- _EXERCISE_: Starting with the line below that holds "Boquilla mezcladora cuadrada, 24" and stopping after the line that holds "小此木寛人さんの総運は30画の2点!", transcribe the lines exactly, leaving out all pictures.

- _PROVIDED RECORDS_:
-*-*-
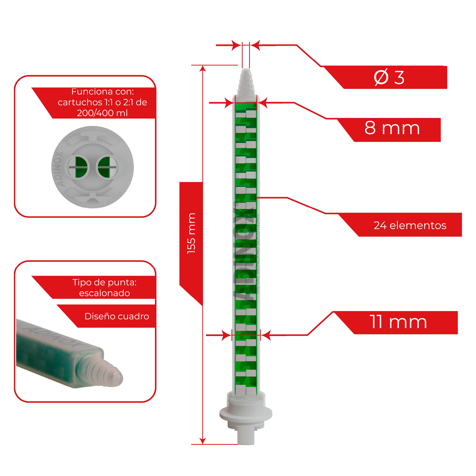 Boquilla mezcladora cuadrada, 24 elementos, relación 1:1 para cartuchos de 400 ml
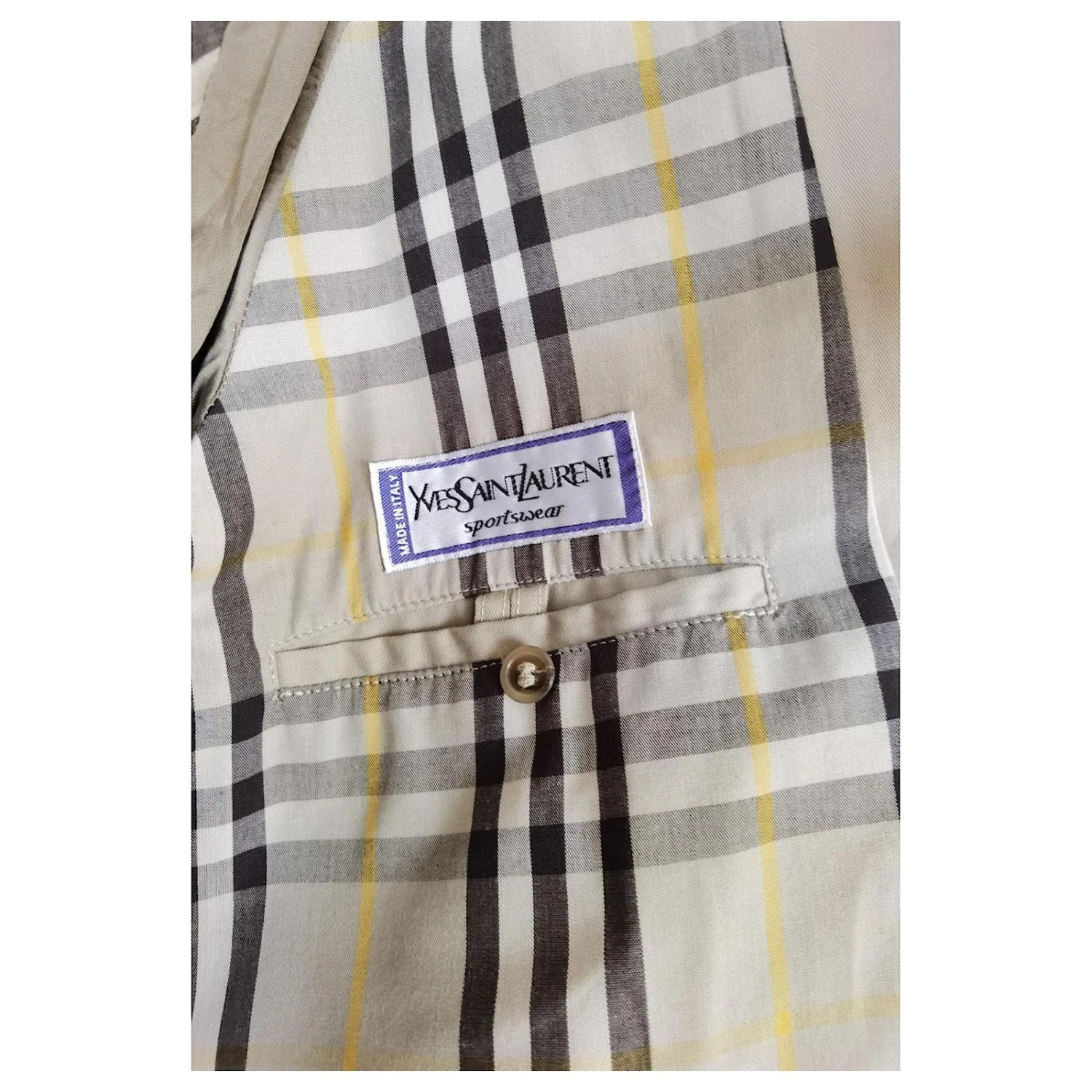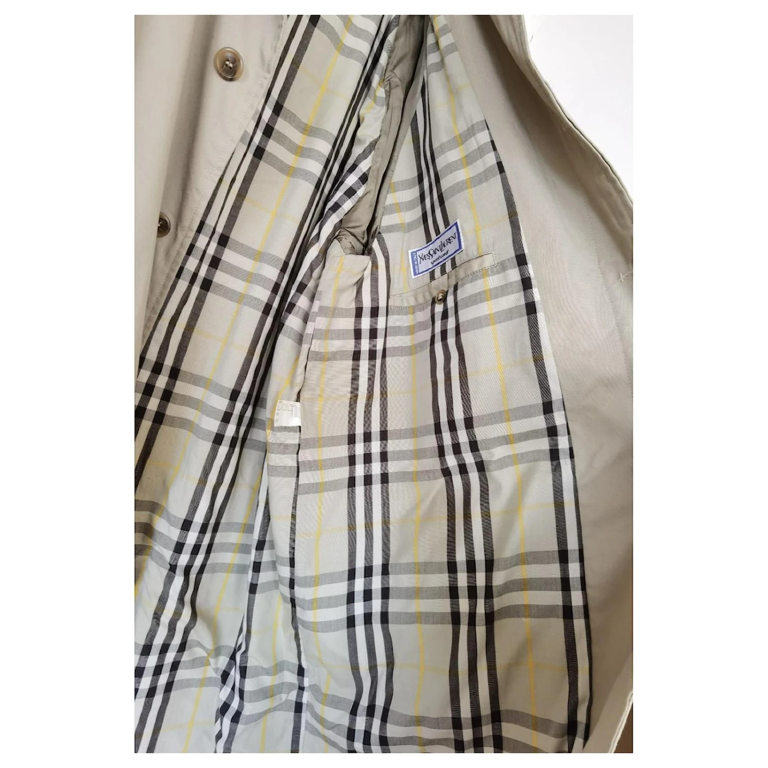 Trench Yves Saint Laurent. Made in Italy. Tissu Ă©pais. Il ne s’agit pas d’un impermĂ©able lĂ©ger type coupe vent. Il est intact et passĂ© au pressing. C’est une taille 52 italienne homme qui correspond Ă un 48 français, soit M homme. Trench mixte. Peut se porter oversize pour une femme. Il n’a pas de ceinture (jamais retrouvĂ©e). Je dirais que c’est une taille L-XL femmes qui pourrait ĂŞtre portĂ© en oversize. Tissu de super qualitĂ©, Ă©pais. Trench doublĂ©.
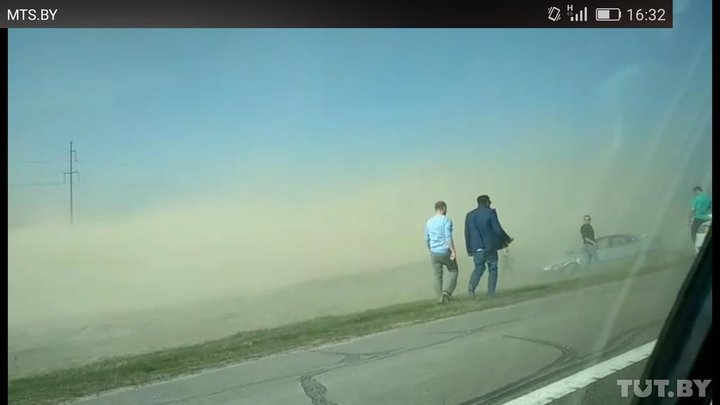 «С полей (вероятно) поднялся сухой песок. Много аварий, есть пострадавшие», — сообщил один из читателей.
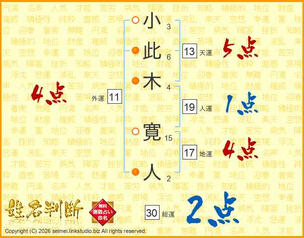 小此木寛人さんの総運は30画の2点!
-*-*-
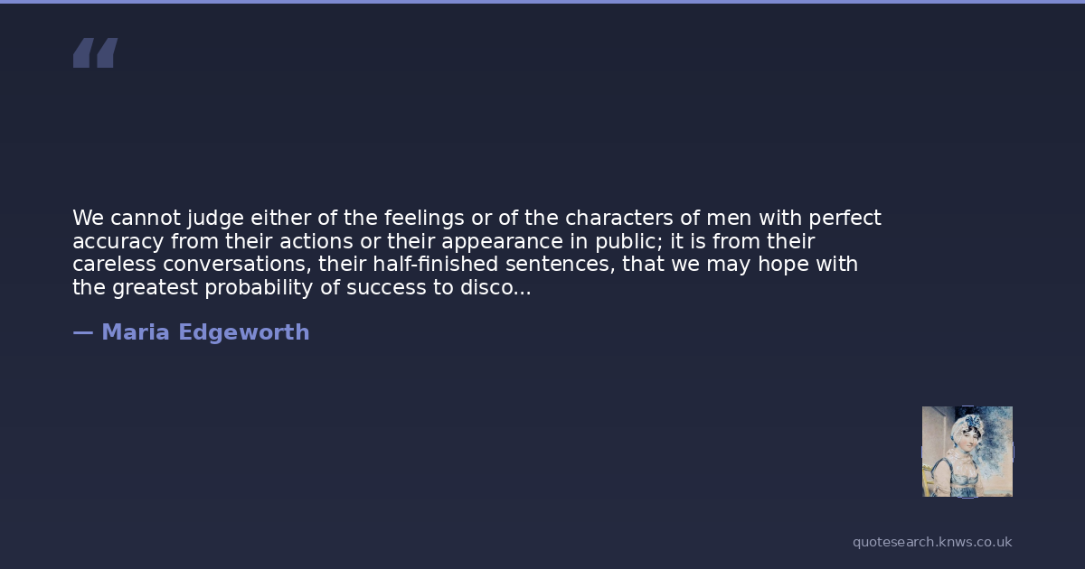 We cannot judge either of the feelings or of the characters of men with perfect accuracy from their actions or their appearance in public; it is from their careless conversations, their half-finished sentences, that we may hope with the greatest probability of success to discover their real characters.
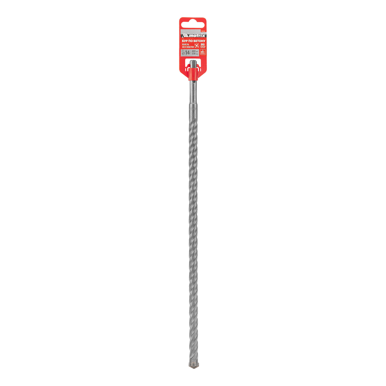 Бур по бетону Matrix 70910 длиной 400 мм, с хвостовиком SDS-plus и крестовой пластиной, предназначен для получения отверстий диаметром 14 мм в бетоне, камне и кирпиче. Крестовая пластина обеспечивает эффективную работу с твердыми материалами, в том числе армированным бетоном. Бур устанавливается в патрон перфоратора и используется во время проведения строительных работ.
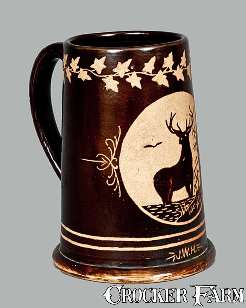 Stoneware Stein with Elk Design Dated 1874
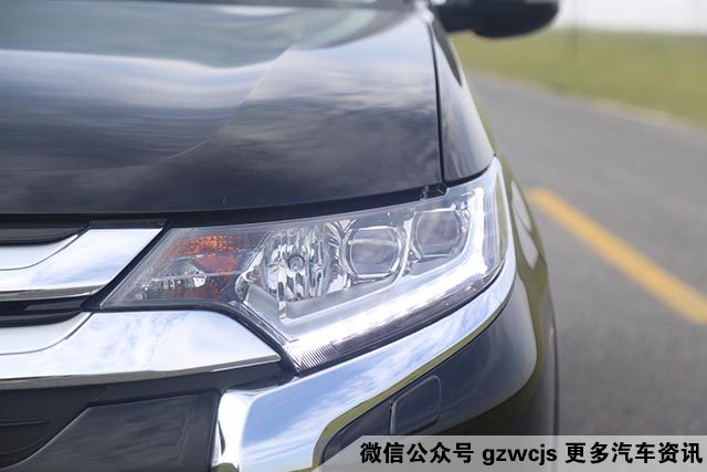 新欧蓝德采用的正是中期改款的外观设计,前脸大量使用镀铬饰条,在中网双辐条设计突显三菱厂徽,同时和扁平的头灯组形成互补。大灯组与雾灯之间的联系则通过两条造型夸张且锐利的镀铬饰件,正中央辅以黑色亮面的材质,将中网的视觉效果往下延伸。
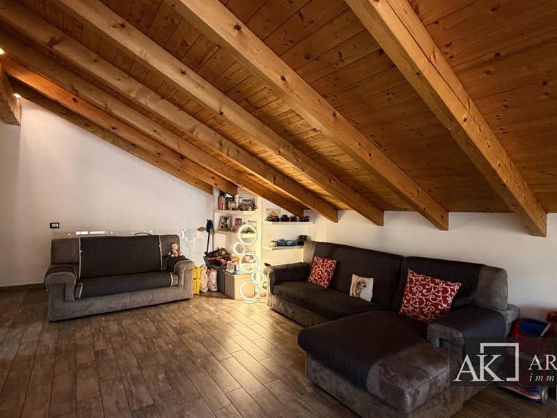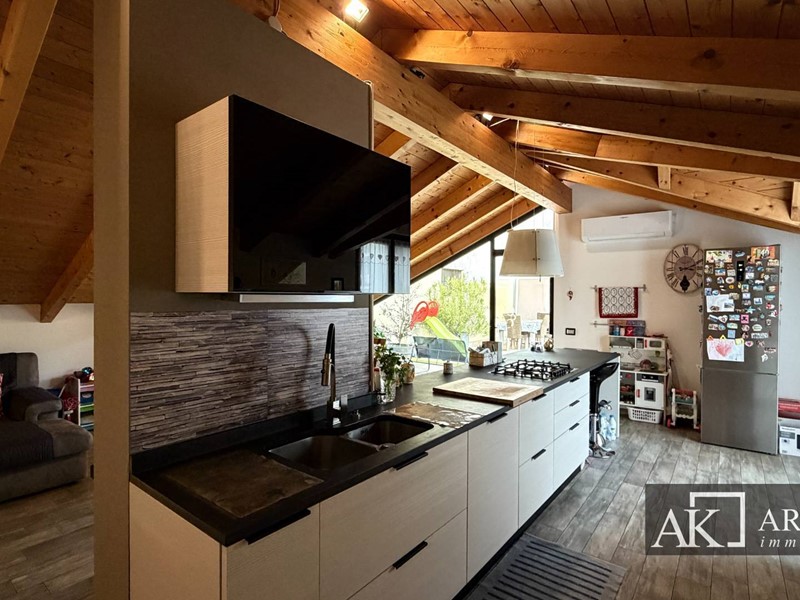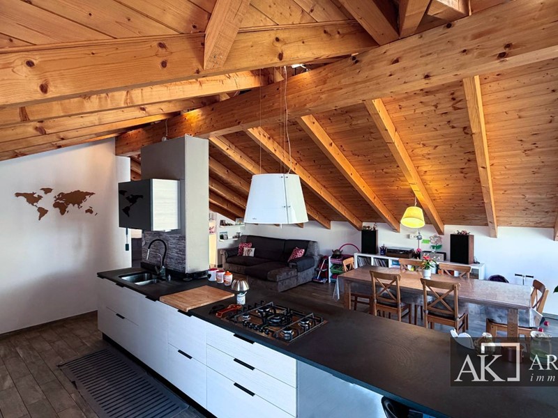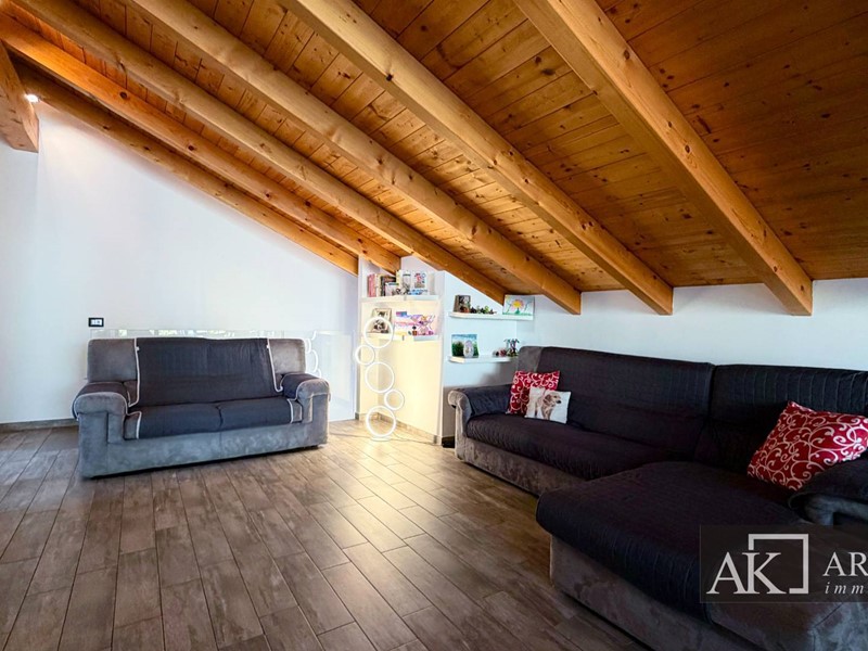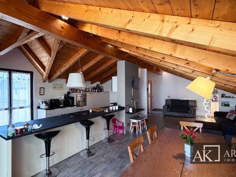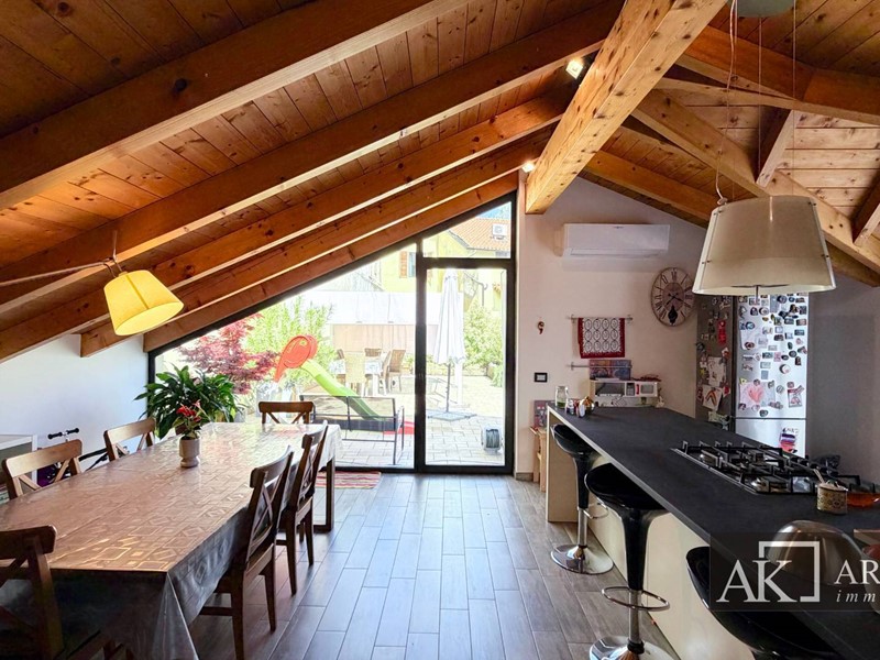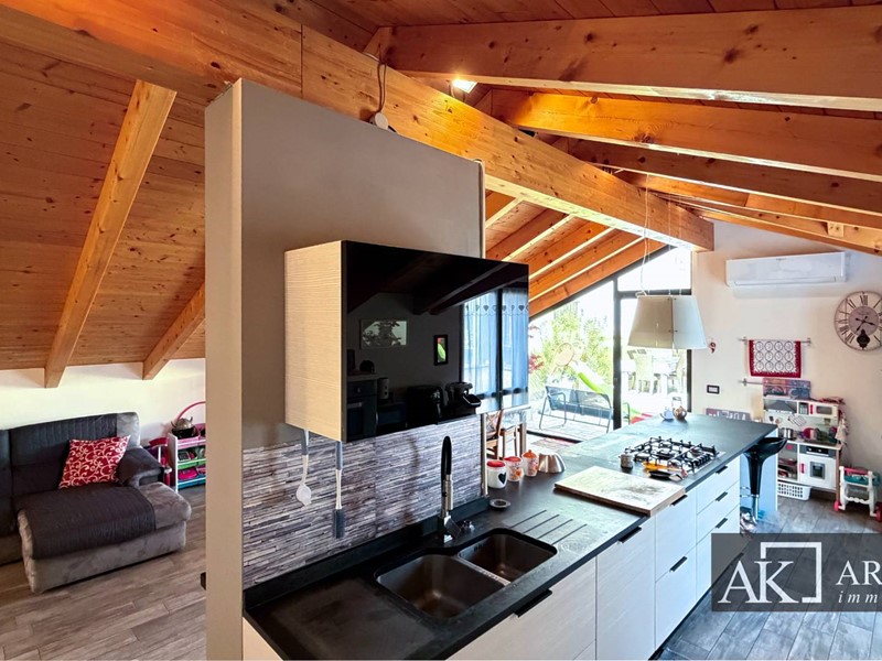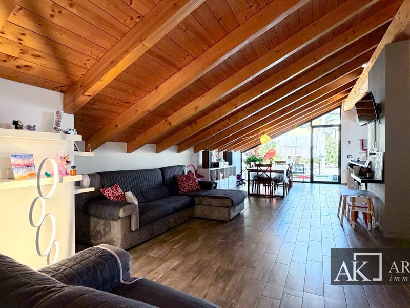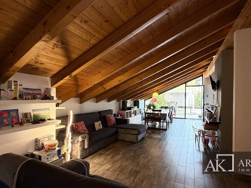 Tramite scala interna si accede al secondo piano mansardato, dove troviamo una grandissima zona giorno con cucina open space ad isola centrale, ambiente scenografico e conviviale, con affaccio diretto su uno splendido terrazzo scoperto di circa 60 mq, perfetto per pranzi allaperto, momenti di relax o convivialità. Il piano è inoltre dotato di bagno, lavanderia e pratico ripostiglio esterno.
-*-*-
- _ANSWER SECTION_:
 Boquilla mezcladora cuadrada, 24 elementos, relación 1:1 para cartuchos de 400 ml
 Trench Yves Saint Laurent. Made in Italy. Tissu Ă©pais. Il ne s’agit pas d’un impermĂ©able lĂ©ger type coupe vent. Il est intact et passĂ© au pressing. C’est une taille 52 italienne homme qui correspond Ă un 48 français, soit M homme. Trench mixte. Peut se porter oversize pour une femme. Il n’a pas de ceinture (jamais retrouvĂ©e). Je dirais que c’est une taille L-XL femmes qui pourrait ĂŞtre portĂ© en oversize. Tissu de super qualitĂ©, Ă©pais. Trench doublĂ©.
 «С полей (вероятно) поднялся сухой песок. Много аварий, есть пострадавшие», — сообщил один из читателей.
 小此木寛人さんの総運は30画の2点!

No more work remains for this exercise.